Regular ICE cars can be run on hydrogen.  It’s basically no different than natural gas or propane in operation and handling. 
 

There ARE some differences in maintenance and start/shutdown protocols, but with today’s electronics, the use of hydrogen could be made unremarkable.

 

The infrastructure for fueling would need to be built. This is no more or less a problem than what we have experienced in building the EV charging infrastructure.


The use of fusion reactors for electric power could make hydrogen production cost effective and readily increase power generation at what would become lower cost.

 

We studied this in high school and again in college and it is beyond me why more hasn’t been done to advance research in this area!

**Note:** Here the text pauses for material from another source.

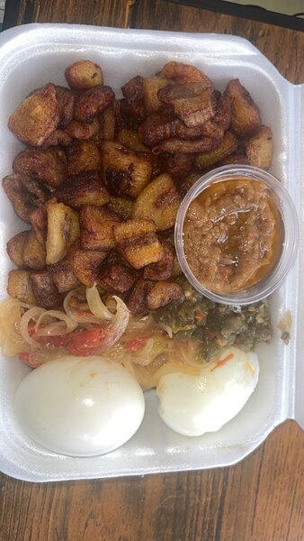 Découvrez un délicieux assortiment de plats africains, incluant le crabe attiéké et le poulet rôti avec des accompagnements savoureux. Idéal pour les amateurs de cuisine exotique.

Fuel cells are not cheap because they contain a lot of platinum.  Also splitting water molecules isn't very efficient.  Then there is a thing called hydrogen embattlement where hydrogen atoms diffuse into the crystal lattice of steel which makes the steel brittle.  This is what happened with the bolts used to attach the west side of the new SF Bay Bridge.  The design engineers forgot about this well know phenomenon.  These huge bolts stated to fail not long after the span was open.  Big public black eye and expensive fix.  This means you can't convert natural gas distribution piping to H2 piping.  transporting and storing liquid hydrogen is more efficient; however, liquefying H2 gas is very energy intensive and it must be maintained at <21 Kelvin (-421.87 F) otherwise it will it will vaporize.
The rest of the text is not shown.